- **Problem to work on**
Please, without any pictures, transcribe the lines from the one holding "입구에 들어서자 작은" to the end of the listing, both ends included.

- **Excerpted records**
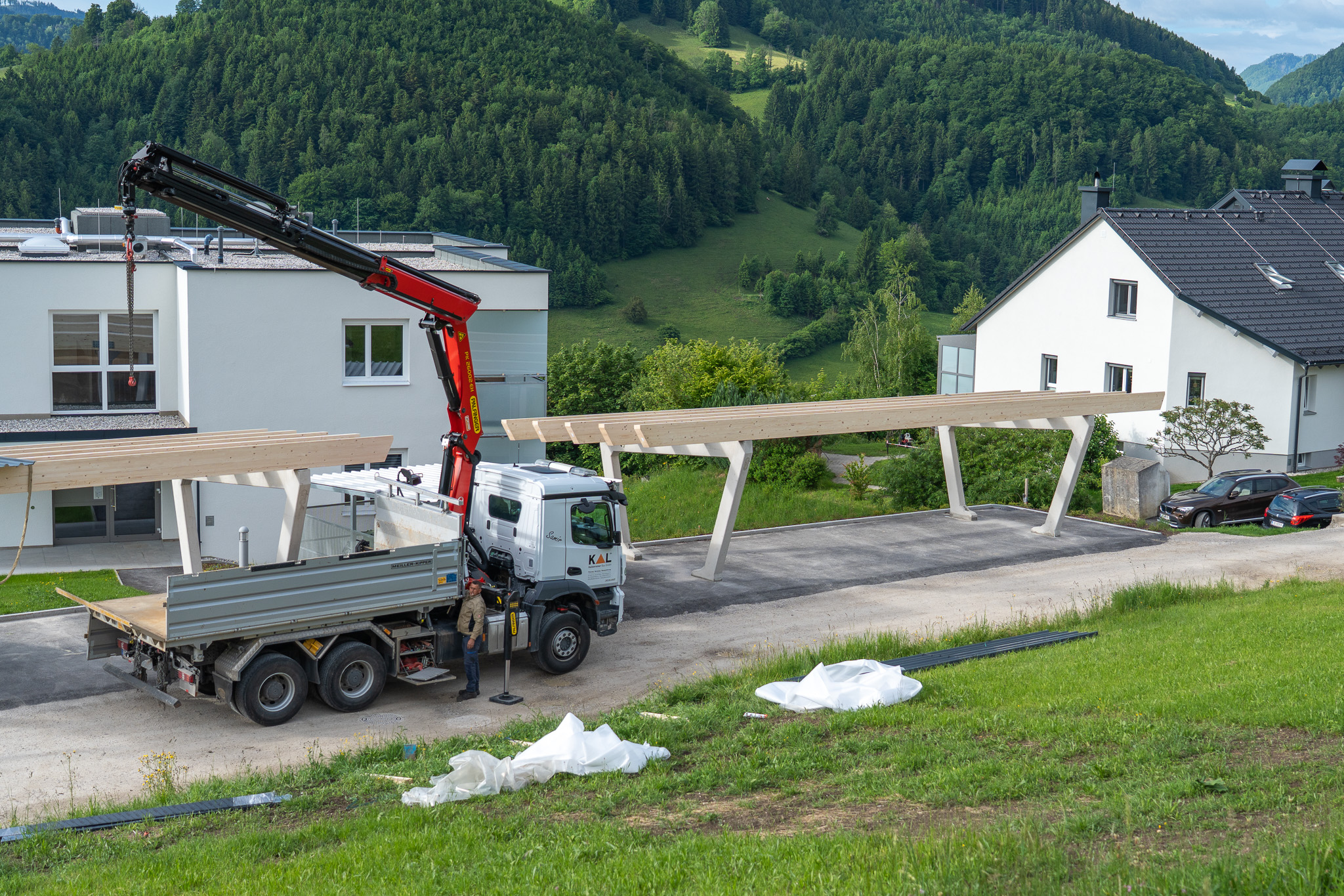 Für die Dachkonstruktion setzt man auf Leimbinder-Holz, was bereits beim Aufbau für eine positive CO₂-Bilanz sorgt. Die Dacheindeckung erfolgt mit Trapezblech, auf dem die PV-Module montiert werden.
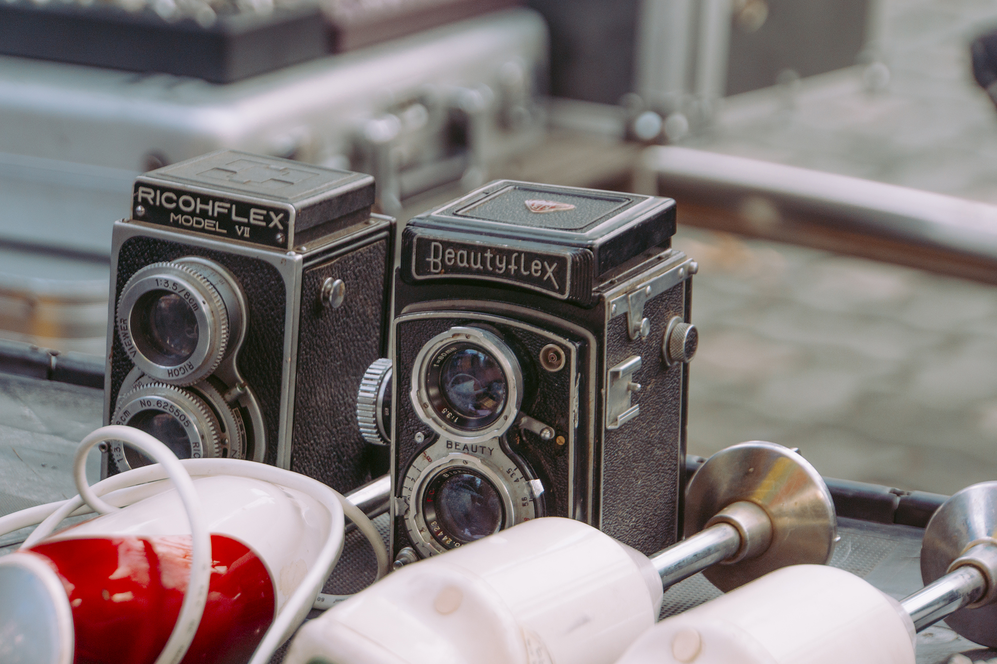 입구에 들어서자 작은 소품들을 파는 곳이 있는데요, 동작을 할지 안 할지 모를 RICOHFLEX, Beautyflex 등 중형 카메라들이 있네요. 그 외에도 많은 상품들을 구경할 수 있지만 카메라는 가능하면 안 사는 게 좋을 것 같아요! 비싸게 모셔와서 DP용으로 놔둘 생각이라면... 필름 카메라가 핫한 요즘엔 인터넷으로도 합리적인 금액에 쉽게 구매가 가능하답니다!
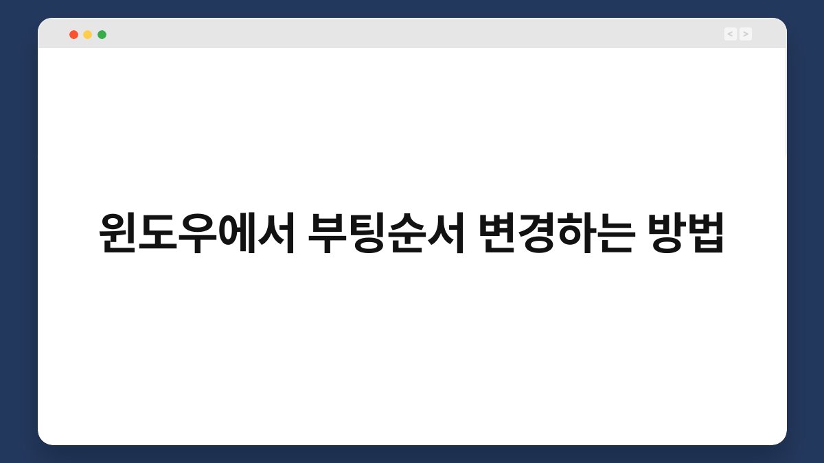 컴퓨터를 사용할 때, 부팅 순서가 중요한 역할을 한다는 사실, 알고 계신가요? 부팅 순서가 잘못 설정되면 원하는 운영체제를 선택하지 못해 당황스러운 상황이 발생할 수 있습니다. 특히, 여러 운영체제를 설치한 경우에는 더욱 그렇죠. 이번 글에서는 윈도우에서 부팅 순서를 변경하는 방법을 자세히 알아보겠습니다. 이 정보를 통해 여러분의 컴퓨터를 더욱 효율적으로 사용할 수 있는 방법을 제시할게요.
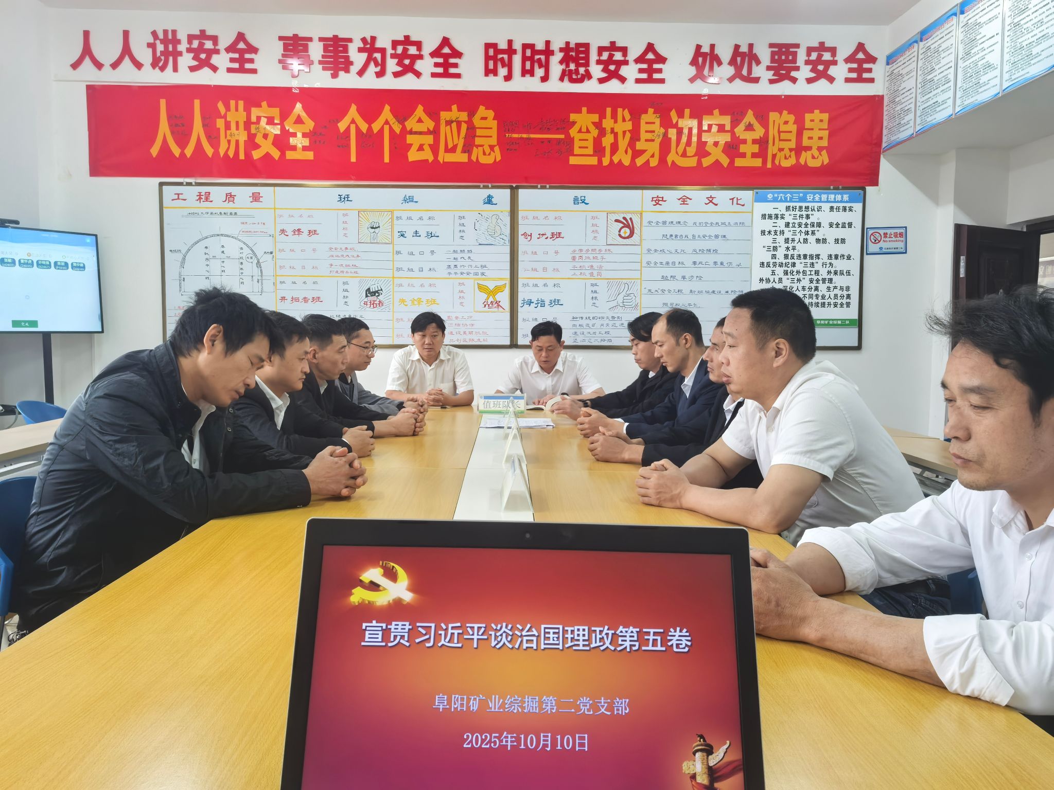 10月10日中班,阜阳矿业综掘第二党支部组织委员吴元动利用班前会时间,向党员群众宣讲“《习近平谈治国理政》”第五卷“继承和发扬党的优良革命传统和作风,弘扬延安精神”讲话内容:“习近平总书记要求全党同志要站稳人民立场,践行党的宗旨,贯彻党的群众路线,保持党同人民群众的血肉联系,自觉把以人民为中心的发展思想贯穿到各项工作之中。扎实推进共同富裕,让现代化建设成果更多更公平惠及全体人民。”
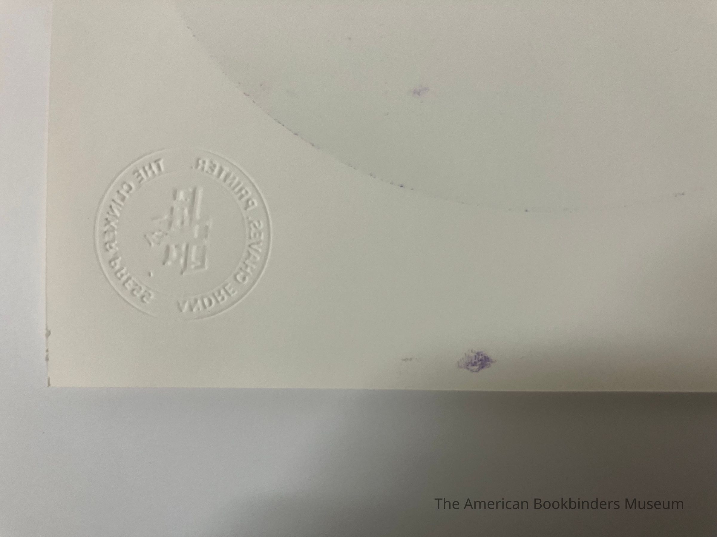 A purple and brown print of geometric shapes. On the left is the main in white. Subtitle at the top, in blue letters. Author on the right also in white. A blue hemisphere at the bottom. Printer's mark is embossed in the lower right corner.Collection
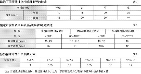 用戶應根據(jù)物料的狀態(tài),先選擇適當?shù)逆溗,鏈速選擇可參見后面表2、表3和各類機型選擇表,表5、表6諸如磨琢性強的物料,溫度高的物料,物料中粗大顆粒比較多的,及料粒大的物料宜選用慢速。對于水泥和生料最適鏈速可參照表3來選擇,其它與水泥性能和狀態(tài)相近的物料也可參照此表選擇。
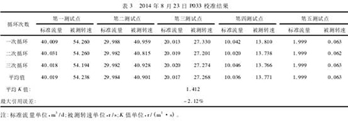 注:標(biāo)準(zhǔn)流量單位,m3/d;被測轉(zhuǎn)速單位,r/s;K值單位,r/(m2?s)。
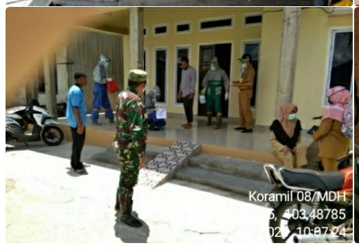 SERIBUPARITNEWS.COM ,MANDAH - Babinsa Bekawan Serda H.Mony  hari ini membantu Tim Relawan Kesehatan Penanganan Covid - 19 Kamis (30/04/2020)
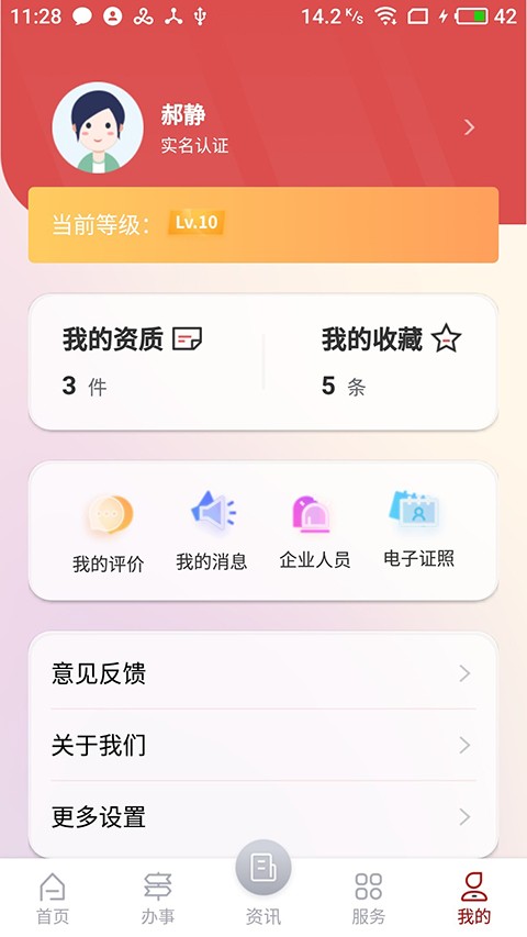 2、登录成功后在首页找到电子证照模块,点击进入后可进行电子证照申领与相关管理操作。
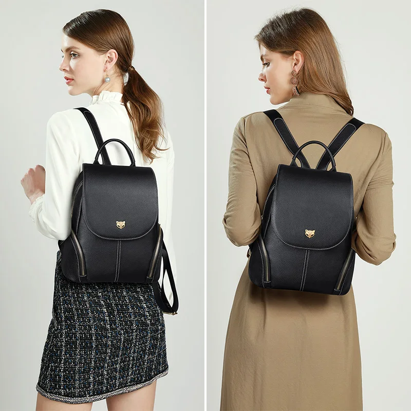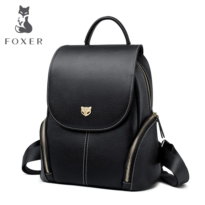 Good Price FOXER Cowhide Genuine Leather Girl's School Bag Korean Simple Black Women Backpack Large Capacity L
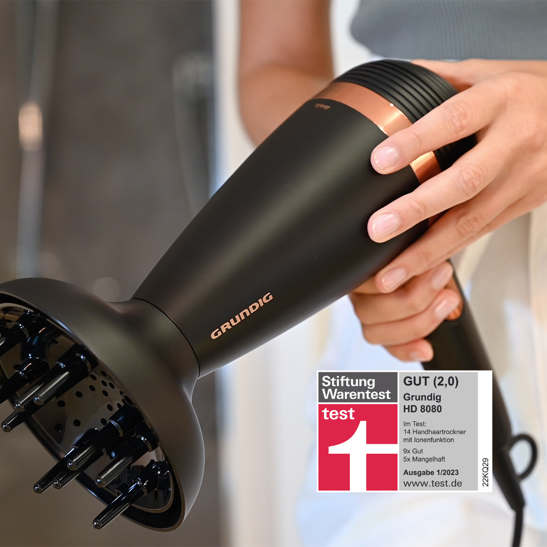 14 Haartrockner hat die Stiftung Warentest (StiWa) unter die Lupe genommen (Ausgabe 01/2023). Der Trockner HD 8080 von Grundig erhielt im Qualitätstest die Note „gut“ (2,0).
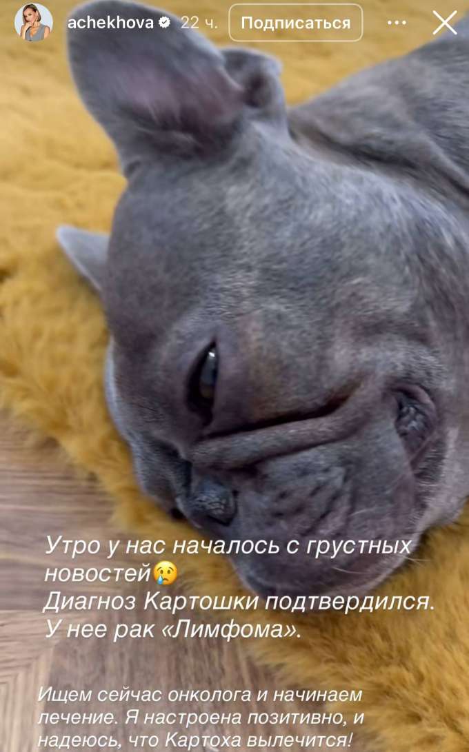 «Утро у нас началось с грустных новостей. Диагноз Картошки подтвердился. У нее рак «Лимфома». Ищем сейчас онколога и начинаем лечение», — рассказала Чехова.
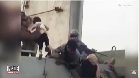 Main picture Une jeune fille remise à un soldat américain sur le mur de l’aéroport de Kaboul voir plus
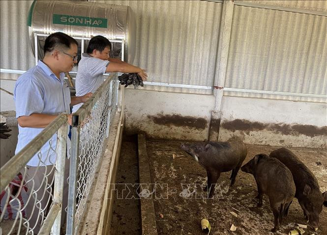 Mô hình chăn nuôi lợn rừng lai theo hướng hữu cơ của gia đình anh Nguyễn Đăng Vương. Ảnh: Thanh Thủy-TTXVN

- **Response for this exercise**
 입구에 들어서자 작은 소품들을 파는 곳이 있는데요, 동작을 할지 안 할지 모를 RICOHFLEX, Beautyflex 등 중형 카메라들이 있네요. 그 외에도 많은 상품들을 구경할 수 있지만 카메라는 가능하면 안 사는 게 좋을 것 같아요! 비싸게 모셔와서 DP용으로 놔둘 생각이라면... 필름 카메라가 핫한 요즘엔 인터넷으로도 합리적인 금액에 쉽게 구매가 가능하답니다!
 컴퓨터를 사용할 때, 부팅 순서가 중요한 역할을 한다는 사실, 알고 계신가요? 부팅 순서가 잘못 설정되면 원하는 운영체제를 선택하지 못해 당황스러운 상황이 발생할 수 있습니다. 특히, 여러 운영체제를 설치한 경우에는 더욱 그렇죠. 이번 글에서는 윈도우에서 부팅 순서를 변경하는 방법을 자세히 알아보겠습니다. 이 정보를 통해 여러분의 컴퓨터를 더욱 효율적으로 사용할 수 있는 방법을 제시할게요.
 10月10日中班,阜阳矿业综掘第二党支部组织委员吴元动利用班前会时间,向党员群众宣讲“《习近平谈治国理政》”第五卷“继承和发扬党的优良革命传统和作风,弘扬延安精神”讲话内容:“习近平总书记要求全党同志要站稳人民立场,践行党的宗旨,贯彻党的群众路线,保持党同人民群众的血肉联系,自觉把以人民为中心的发展思想贯穿到各项工作之中。扎实推进共同富裕,让现代化建设成果更多更公平惠及全体人民。”
 A purple and brown print of geometric shapes. On the left is the main in white. Subtitle at the top, in blue letters. Author on the right also in white. A blue hemisphere at the bottom. Printer's mark is embossed in the lower right corner.Collection
 用戶應根據(jù)物料的狀態(tài),先選擇適當?shù)逆溗,鏈速選擇可參見后面表2、表3和各類機型選擇表,表5、表6諸如磨琢性強的物料,溫度高的物料,物料中粗大顆粒比較多的,及料粒大的物料宜選用慢速。對于水泥和生料最適鏈速可參照表3來選擇,其它與水泥性能和狀態(tài)相近的物料也可參照此表選擇。
 注:標(biāo)準(zhǔn)流量單位,m3/d;被測轉(zhuǎn)速單位,r/s;K值單位,r/(m2?s)。
 SERIBUPARITNEWS.COM ,MANDAH - Babinsa Bekawan Serda H.Mony  hari ini membantu Tim Relawan Kesehatan Penanganan Covid - 19 Kamis (30/04/2020)
 2、登录成功后在首页找到电子证照模块,点击进入后可进行电子证照申领与相关管理操作。
 Good Price FOXER Cowhide Genuine Leather Girl's School Bag Korean Simple Black Women Backpack Large Capacity L
 14 Haartrockner hat die Stiftung Warentest (StiWa) unter die Lupe genommen (Ausgabe 01/2023). Der Trockner HD 8080 von Grundig erhielt im Qualitätstest die Note „gut“ (2,0).
 «Утро у нас началось с грустных новостей. Диагноз Картошки подтвердился. У нее рак «Лимфома». Ищем сейчас онколога и начинаем лечение», — рассказала Чехова.
 Main picture Une jeune fille remise à un soldat américain sur le mur de l’aéroport de Kaboul voir plus
 Mô hình chăn nuôi lợn rừng lai theo hướng hữu cơ của gia đình anh Nguyễn Đăng Vương. Ảnh: Thanh Thủy-TTXVN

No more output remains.